日に数本しか走っていないローカル線の駅を降り、1時間近く歩く。ようやく、二人の実家のある近獏村が見えてくる。村に入ったところで、二人は異様な雰囲気に気付く。桜の実家の近くに来ると、村の皆が集まって何やら騒いでいる。MEと桜は早足でその集団に近づく。
「何かあったんですか?」
「ん?!おお、MEさん。また、神隠しがあったんです!」
「神隠し?」
「ちょっとおまえさん!MEさんは今来たばかりなんだから、順を追って話さないと分からないよ!」
MEに即座に対応した男を、その女房と思われる女がこづく。
「あ..ああ、すいません。実は、5日程前から、若い女の子が行方不明になる事件が続いてまして....今日も一人いなくなって、これで4人目なんです。」
「何ですって?...く..詳しく聞かせて下さい!」
とりあえず、彼らは桜の実家に入り、事の詳細を聞いた。事の起りは5日前、村の若い女の子一人が、村外れの滝の前で思いを寄せる村の男と待ち合わせをしていた。
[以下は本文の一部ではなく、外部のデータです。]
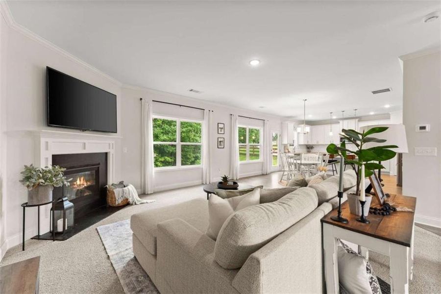 The heart of the home is the gourmet kitchen, complete with stainless steel appliances, center island, and abundant cabinetry, flowing seamlessly into the oversized living room—perfect for entertaining or everyday family life. Expansive windows fill the home with natural light, creating a bright and inviting atmosphere.
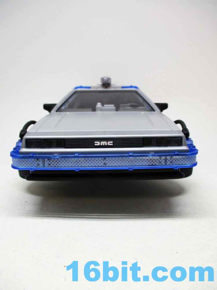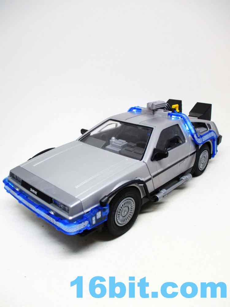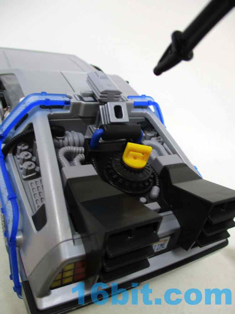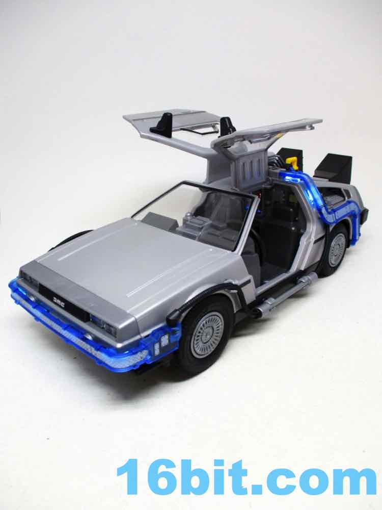Toy lines for kids based on movies that may not be ideal for kids were a hallmark of the 1980s, and this probably fits that sort of ideal. The car itself is very good with a lot of features, and is priced similarly to Diamond Select Toys' excellent effort from over a decade ago - but it's smaller, and has no sounds. The front wheels don't roll as freely as the back due to seeming clearance issues, but there's a feature that makes me overlook this fault. The wheels can turn 90 degrees down for "hover conversion mode." You can also plug in the cable to grab the power line from the end of the movie to get the jolt of lightning, and it has seating for up to 2 figures - adult figures can drive, and kids or adult figures can sit in the passenger seat. The detail is excellent, with lots of snap-on cables, light-up elements, and details like the "DMC" logo so often missing from other collectibles based on this movie.

女の子は、30分も早くその場所へ向ったらしいが、男が到着した時には誰も居なかった。それから、1時間経っても一向に女の子は姿を見せない。不安を感じた男は、女の子の家に向ったが、彼女の姿は家には無く、家の者にも確かにその場所へ行くと告げて出掛けたと言うのだ。それから、村の者総出で彼女を探したが、彼女の姿は村の何処にもなかった。山狩りも行ったが、それでも彼女は発見できなかった。この事件を皮切りに、ほぼ毎日、若い女の子が行方不明になっているのである。駅に連絡しても、彼女達は来ていないという話しであった。県警にも連絡して、今日にも大規模な捜索隊が来てくれる様なので、到着次第再度山狩りを行うという話になっていた。
「若い女性ばかり?....」
MEは少し考え込んでいた。何か、頭に引っ掛かっているものがあったからだ。
「最近...それ以外で、村で変わった事は無かったですか?」
「変った事ねえ?........」
男は、しばし腕を組んで考えこんだ。しばらくして、思い出した様に話し始める。
「そういえば....2週間程前から、東京の大学の助教授だという女の人が、ちょくちょく村に来ていろいろ聞いて回ってたな.....」
その言葉を聞いて、MEははっと顔を上げる。